Wednesday, March 02, 2005


Poem of the day

You Who Never Arrived

You who never arrived
in my arms, Beloved, who were lost
from the start,
I don't even know what songs
would please you. I have given up trying
to recognize you in the surging wave of the next
moment. All the immense
images in me-- the far-off, deeply-felt landscape,
cities, towers, and bridges, and unsuspected
turns in the path,
and those powerful lands that were once
pulsing with the life of the gods-
all rise within me to mean
you, who forever elude me.

You, Beloved, who are all
the gardens I have ever gazed at,
longing. An open window
in a country house--, and you almost
stepped out, pensive, to meet me.
Streets that I chanced upon,--
you had just walked down them and vanished.
And sometimes, in a shop, the mirrors
were still dizzy with your presence and, startled,
gave back my too-sudden image. Who knows?
perhaps the same bird echoed through both of us
yesterday, separate, in the evening...

--Rainer Maria Rilke

3 Comments:

Blogger Conservative in Virginia said...

Can someone explain this to the poetry challenged? Is it someone mourning their aborted or miscarried baby?

March 03, 2005 10:47 AM  
Blogger stewdog said...

I too thought that at first, CIV, but after more ponderous thought I have concluded that it is a Robert Byrd Poem. . . "An Ode to his Brain". Think about it. . "you. .who never arrived"

March 03, 2005 11:18 AM  
Blogger Wonderdog said...

Ah, if it were only applicable to Stewdog my life would be much simpler.
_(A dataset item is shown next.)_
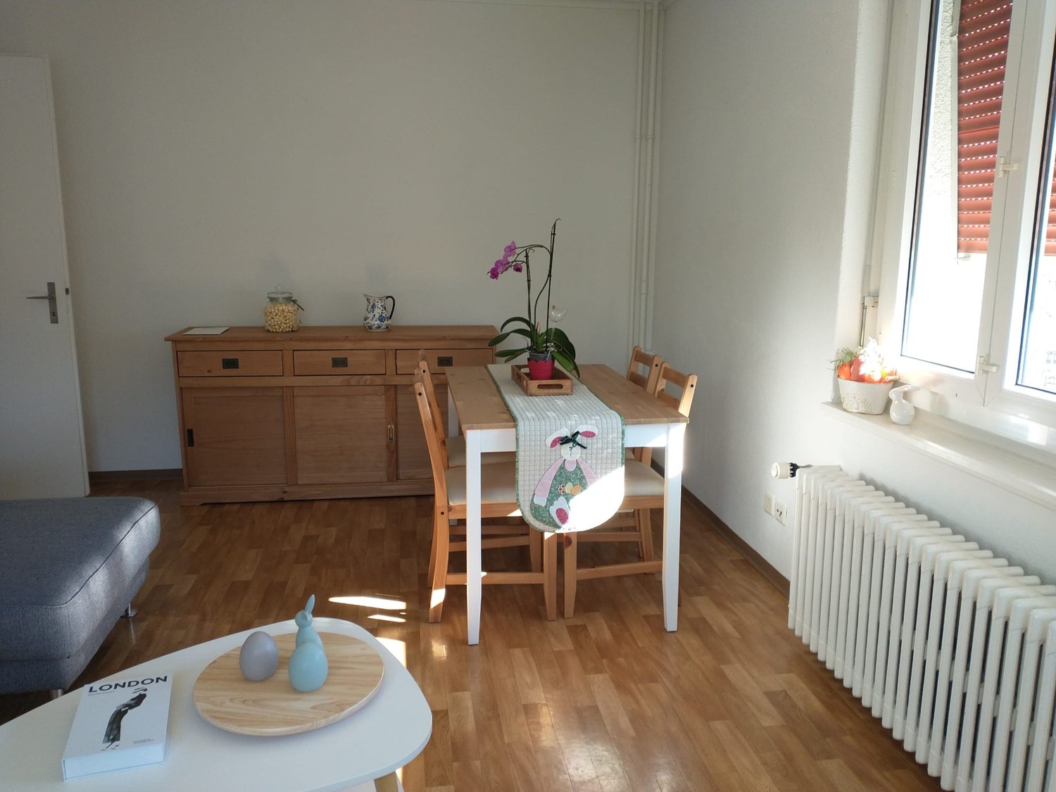 • Dining table with chairs, decorative items, carpet, pink and white wall, wooden floor

To answer your question, CIV, the poem is about the sadness and beauty of longing. I believe the author is referring, personally, to the elusive love of his life, i.e. a soulmate. However, as with most great poetry, we can bring whatever experiences we have to bear upon the sentiment of the author and substitute them so that it becomes personal for us as well.